• Work item: In the data below, find the line containing "自助吧整潔維持的相當不錯,氣" and the line containing "利用建筑外表面营造公共交往空", then reproduce them and every line between, exactly. Omit pictures.
-- Data to process follows --
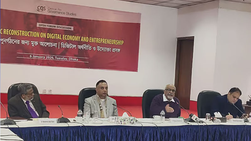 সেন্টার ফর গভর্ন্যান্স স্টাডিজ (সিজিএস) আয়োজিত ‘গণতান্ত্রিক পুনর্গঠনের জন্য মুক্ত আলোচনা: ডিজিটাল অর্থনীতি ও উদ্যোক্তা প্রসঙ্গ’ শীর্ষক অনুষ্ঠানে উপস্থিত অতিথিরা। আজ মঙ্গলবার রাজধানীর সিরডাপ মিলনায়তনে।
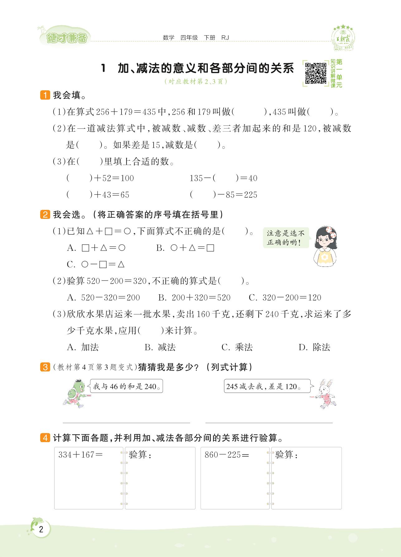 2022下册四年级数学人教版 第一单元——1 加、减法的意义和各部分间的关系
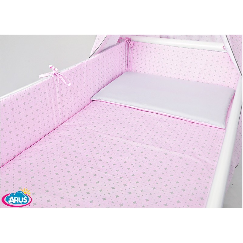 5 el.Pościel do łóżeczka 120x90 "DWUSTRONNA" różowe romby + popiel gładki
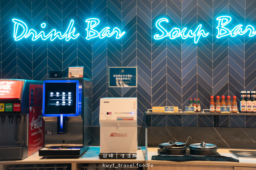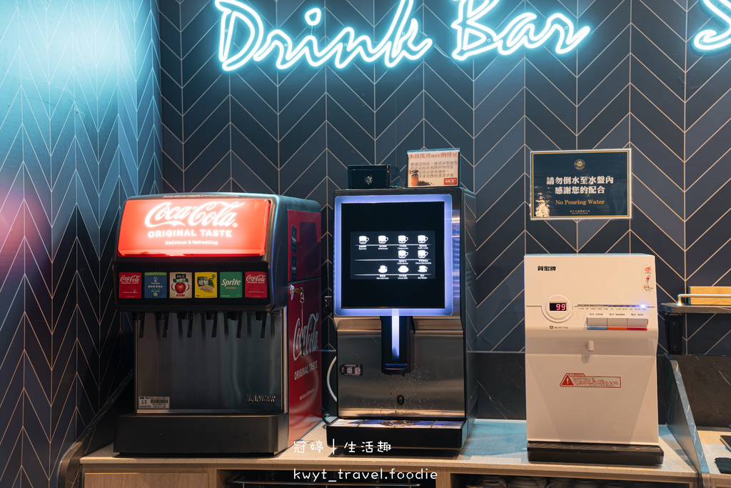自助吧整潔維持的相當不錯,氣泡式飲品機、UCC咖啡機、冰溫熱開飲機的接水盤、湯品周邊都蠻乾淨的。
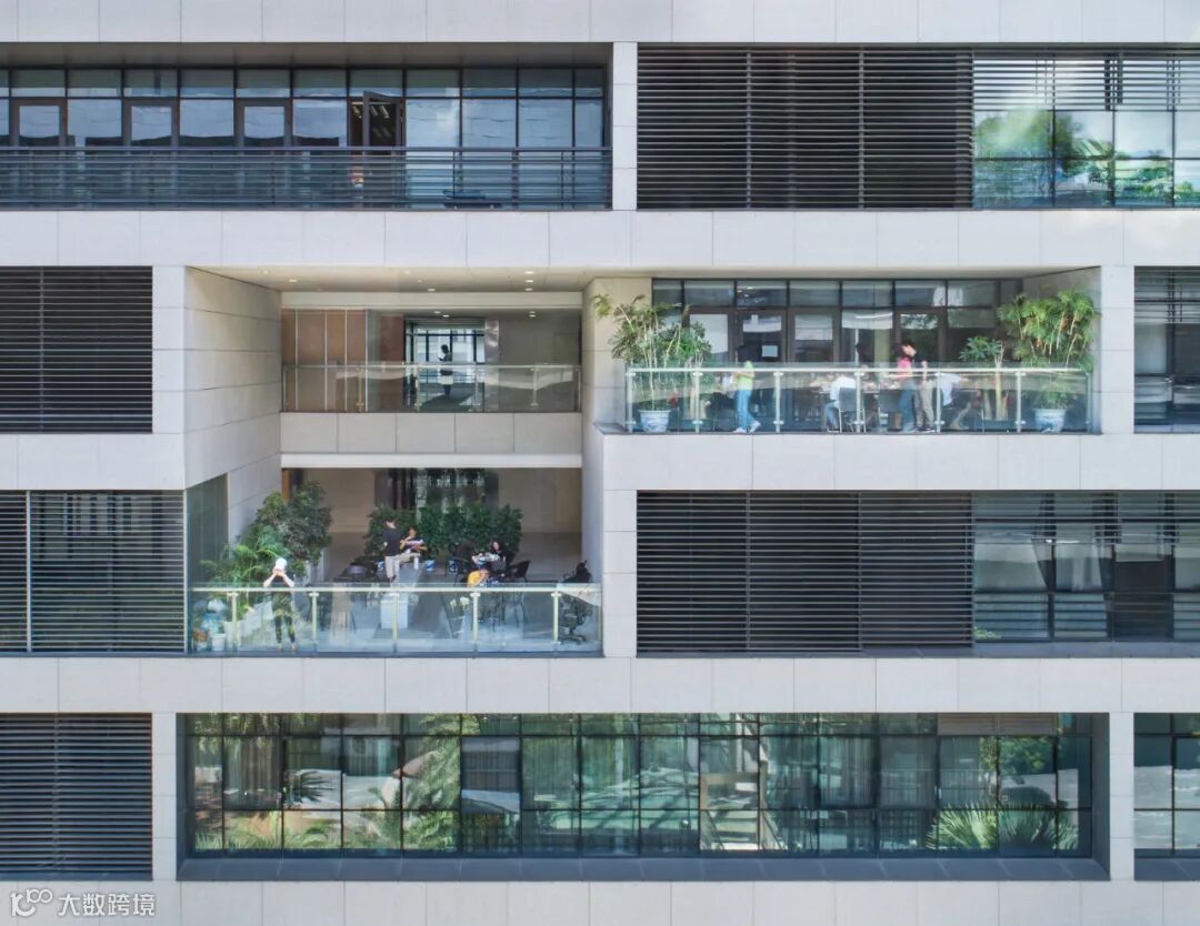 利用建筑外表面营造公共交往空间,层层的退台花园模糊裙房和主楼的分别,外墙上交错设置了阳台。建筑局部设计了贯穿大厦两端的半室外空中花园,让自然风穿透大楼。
-- Data to process concluded --
-- Data to process follows --
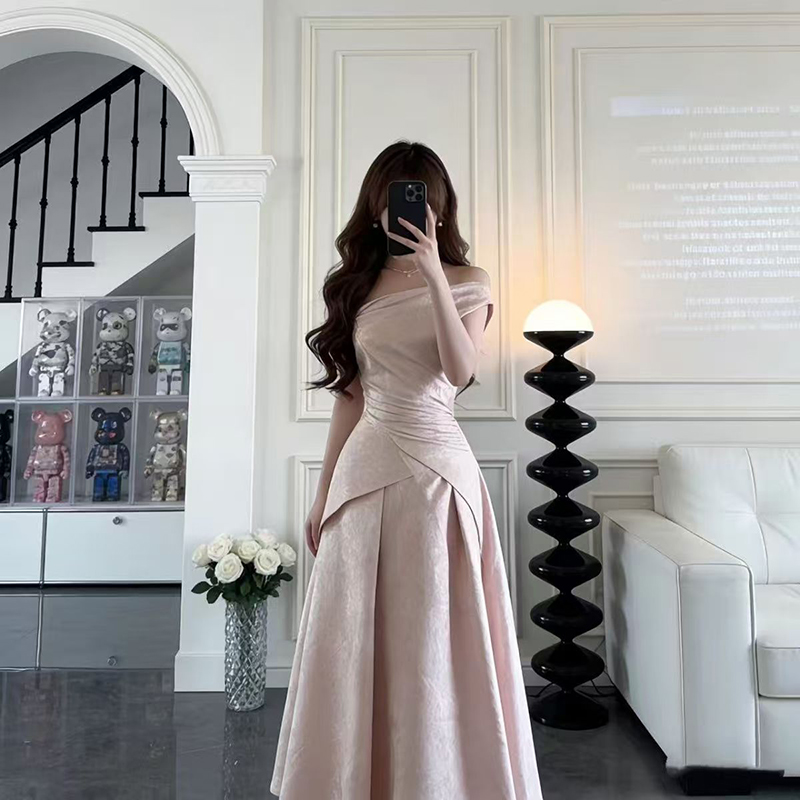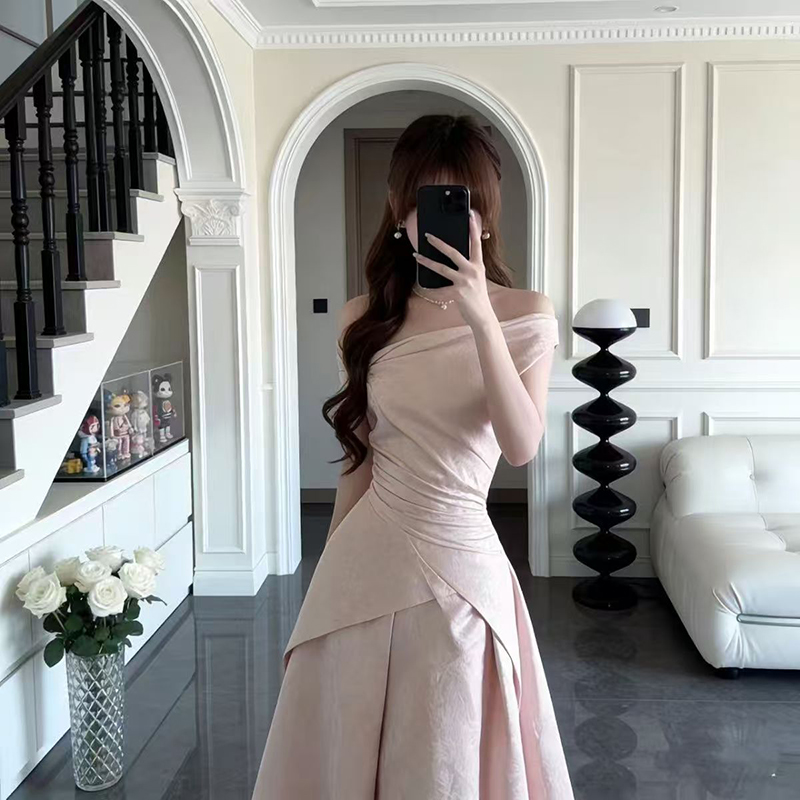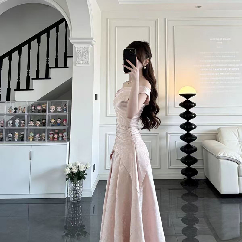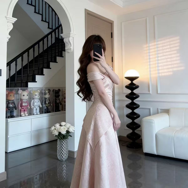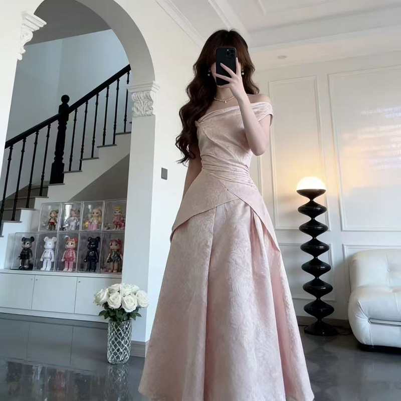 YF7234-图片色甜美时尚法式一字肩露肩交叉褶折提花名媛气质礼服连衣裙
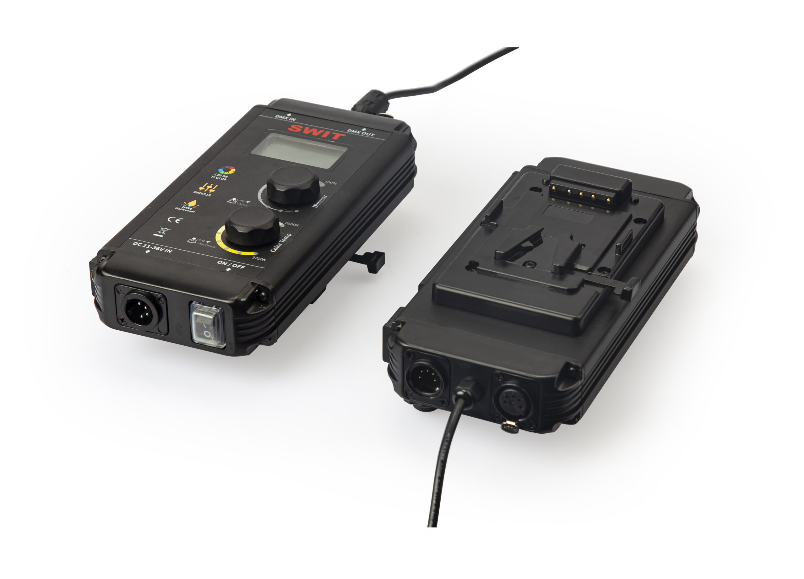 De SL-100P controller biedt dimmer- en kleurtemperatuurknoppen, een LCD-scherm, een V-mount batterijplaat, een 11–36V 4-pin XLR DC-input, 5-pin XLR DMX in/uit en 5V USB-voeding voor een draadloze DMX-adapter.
-- Data to process concluded --
-- Data to process follows --
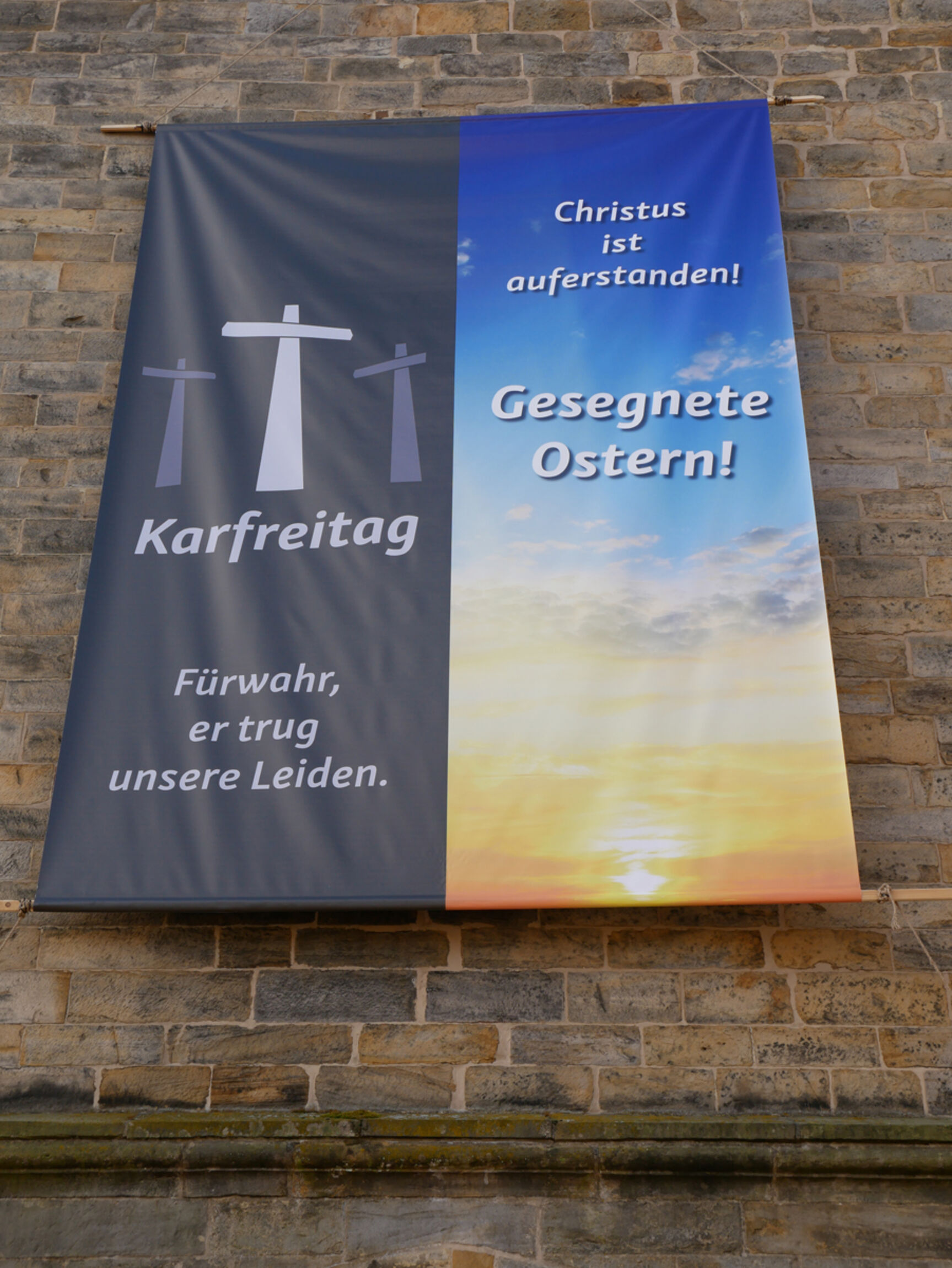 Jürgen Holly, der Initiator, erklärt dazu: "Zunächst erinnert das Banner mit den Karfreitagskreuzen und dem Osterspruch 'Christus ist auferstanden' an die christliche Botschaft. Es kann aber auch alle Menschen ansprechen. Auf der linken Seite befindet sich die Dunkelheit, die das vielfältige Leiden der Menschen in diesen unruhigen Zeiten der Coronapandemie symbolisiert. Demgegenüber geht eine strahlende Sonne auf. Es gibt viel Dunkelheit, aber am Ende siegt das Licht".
-- Data to process concluded --
• Answer to the exercise:
自助吧整潔維持的相當不錯,氣泡式飲品機、UCC咖啡機、冰溫熱開飲機的接水盤、湯品周邊都蠻乾淨的。
 利用建筑外表面营造公共交往空间,层层的退台花园模糊裙房和主楼的分别,外墙上交错设置了阳台。建筑局部设计了贯穿大厦两端的半室外空中花园,让自然风穿透大楼。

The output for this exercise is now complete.